バッハの平均律第2巻よりイ長調BWV888、シューベルトのソナタ第13番、ドビュッシーの「夢」、シューマンの幻想曲あたりが印象的。
Mario Häring (age: 28 Germany) (動画はこちら)
今大会の第2位。
ファビアン・ミュラーと並ぶ、ドイツの若き正統派ピアニスト。
今回彼を知ることができたのは、私にとっては大きかった。
ベートーヴェンのソナタ第6番、モーツァルトのソナタ第12番ヘ長調、プロコフィエフのソナタ第2番、カプースチンのop.40-1「前奏曲」、ラッヘンマンの「シューベルト変奏曲」、ベートーヴェンのチェロ・ソナタ第3番、ベートーヴェンの協奏曲第1番あたりが印象的。
Anna Geniushene (age: 27 Russia) (動画はこちら)
今大会のファイナリスト。
情熱的で雄弁な、成熟した表現力を持つピアニスト。
クレメンティのソナタ嬰へ短調op.25-5、シューマンの「3つの幻想小曲集」op.111、ブラームスのバラードop.10、ショスタコーヴィチの五重奏曲、ブゾーニのエレジー集BV249より第7、4曲、シューマンのフモレスケあたりが印象的。
Siqian Li (age: 25 China) (動画はこちら)
たおやかで抒情的な、美しい表現を特徴とするピアニスト。
今回、テクニック的にも(最高度とはいえないが)なかなかと知った。
モーツァルトの「デュポール変奏曲」K.573、ラフマニノフの前奏曲op.23-4、リストの「ラ・カンパネラ」、ベートーヴェンの「サリエリ変奏曲」WoO.73、ショパンの「12のエチュード」op.10、ドビュッシーの「版画」、ムソルグスキーの「展覧会の絵」、クルターグの「遊び」抜粋、ラヴェルのヴァイオリン・ソナタあたりが印象的。
Eric Lu (age: 20 USA) (動画はこちら)
今大会の優勝者。
特有のリリシズムと安定したタッチを持ち、リーズの覇者に相応しい。
モーツァルトのソナタ第10番ハ長調、ショパンの舟歌、シューベルトの「4つの即興曲」op.90、ショパンのバラード第4番、ベートーヴェンの協奏曲第4番あたりが印象的。
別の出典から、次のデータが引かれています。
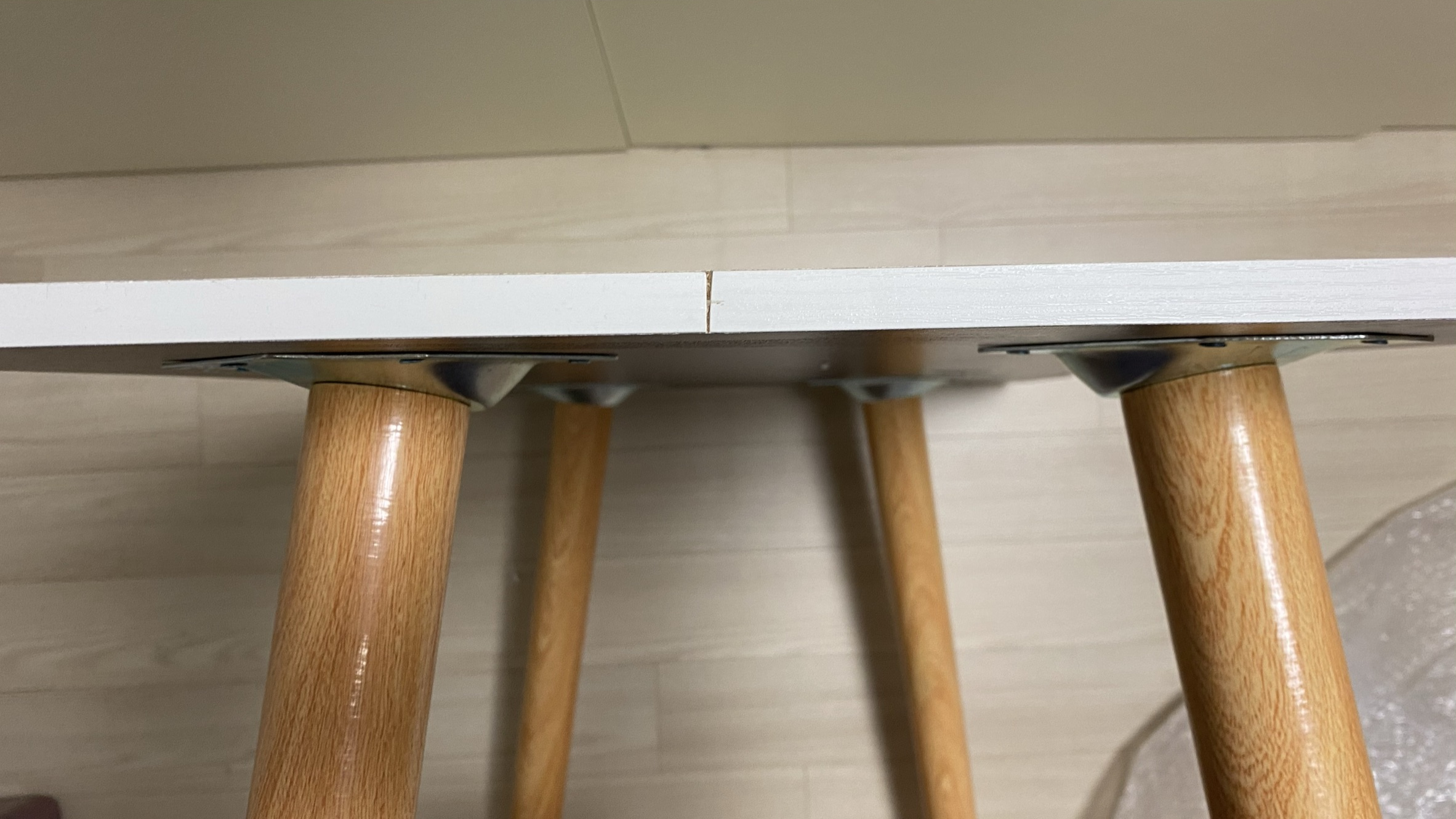 박스를 뜯고 난 후 모습입니다. 다리 발 4개와 상판이 들어있고 별도에 피스, 너트 볼트 같은 것은 없이 조립 가능한 제품이었습니다.

Fuko Ishii (age: 27 Japan) (動画はこちら)
私の中での個人的な今大会のMVP。
といっても、彼女の演奏が他の誰よりも優れている、と言いたいわけではない。
皆レベルが高かったし、彼女が2次で落ちてしまったのも仕方ない。
ではなぜMVPかというと、それは彼女の個性のためである。
彼女の弾くドイツ音楽には、格別の味わいがある。
上述のドイツ人ピアニストMario Häring、彼もまたドイツ音楽の演奏に長けているけれど、タイプが違って、理知的で均整の取れた、いわば「ギーゼキング」型だと思う。
また、今大会にはいなかったけれど、曲を力強くがっちりと掴むような「バックハウス」型のピアニストも、ドイツにはいる。
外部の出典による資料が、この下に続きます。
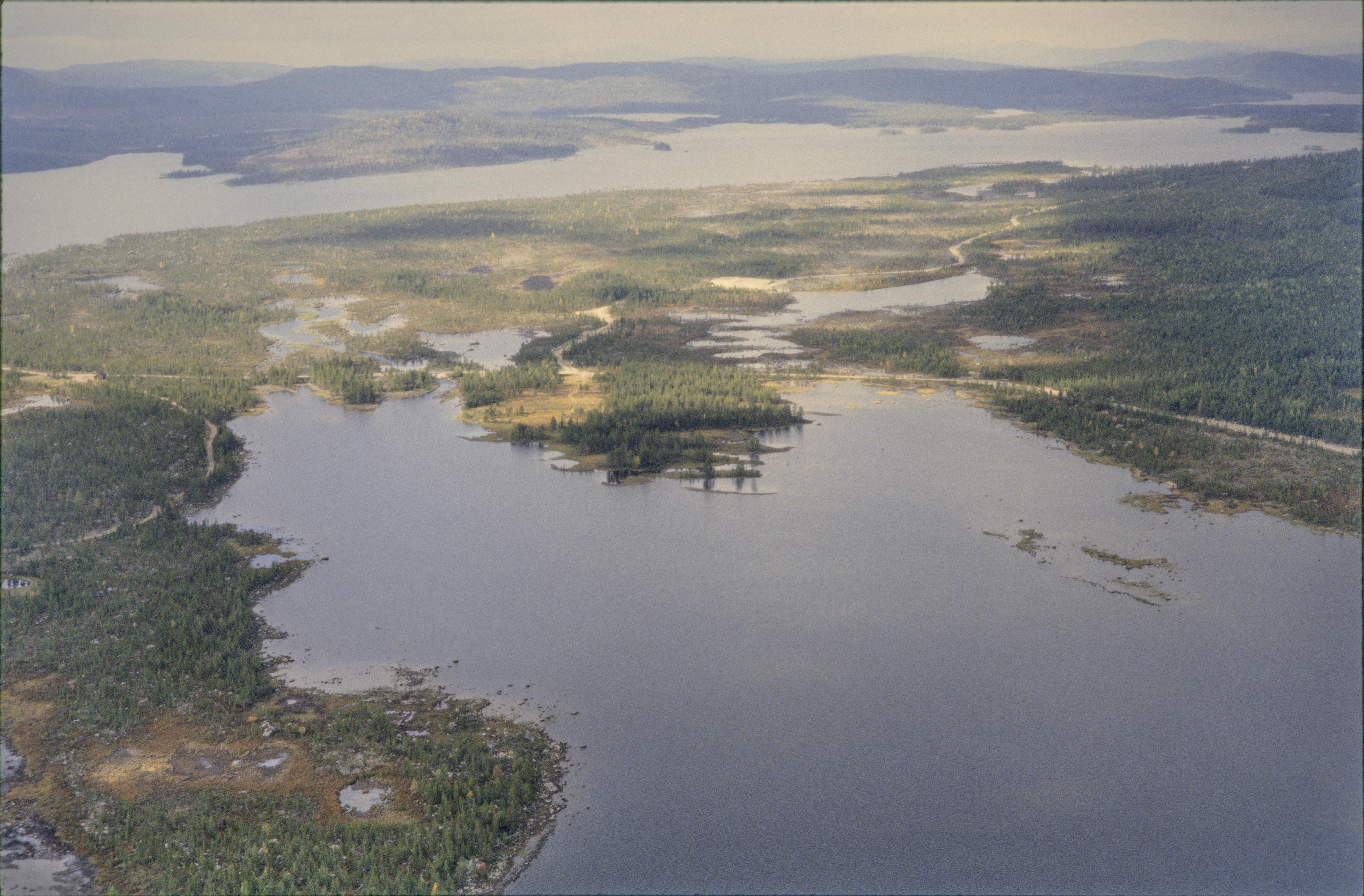 Beskrivning: Området Jilggismuotkke mellan sjöarna Gallajaure (Gállájávvre) och i bildens övre del Stor-Mattaure (Stuor Máttávrre). I viken till höger om bildens mitt kolningsanläggning RAÄnr Arjeplog 3782 m.fl. Över bildens mitt boplats RAÄnr Arjeplog 185:1 vid ett rengärde. Bilden är tagen mot (väderstreck): VNV

しかし、憂愁と憧憬との間を揺れ動くような、ほの暗いドイツ・ロマン派の音楽を体現した「ケンプ」型のピアニストは、私は今のドイツには一人も知らない(よく探せばいるのかもしれないが)。
このタイプに最も近いのが、石井楓子だと思う。
もちろん、Mario Häringの個性も石井楓子の個性も、等しく素晴らしい。
だが、Mario Häringのタイプのピアニストは、他にもいる。
私が石井楓子を推すのは、その個性の希少性のために他ならない。
今回彼女が弾いたハイドンのソナタ第42番、ブラームスの「4つの小品」op.119、ベートーヴェンのソナタ第22番、シューマンの「ダヴィッド同盟舞曲集」は、いずれも感動的な名演だった。
特にシューマンは、彼女の演奏で全曲を聴くのは私には今回が初めてで、全曲を通して期待通り素晴らしく、嬉しくて仕方なかった。
第1曲、フェルマータの後に高音域から下りてくるアルペッジョ風パッセージ「レドシソレシソー」(音名表記)の、何気ないのに心にすっと留まる、エオリアンハープのような自然体の美しさ。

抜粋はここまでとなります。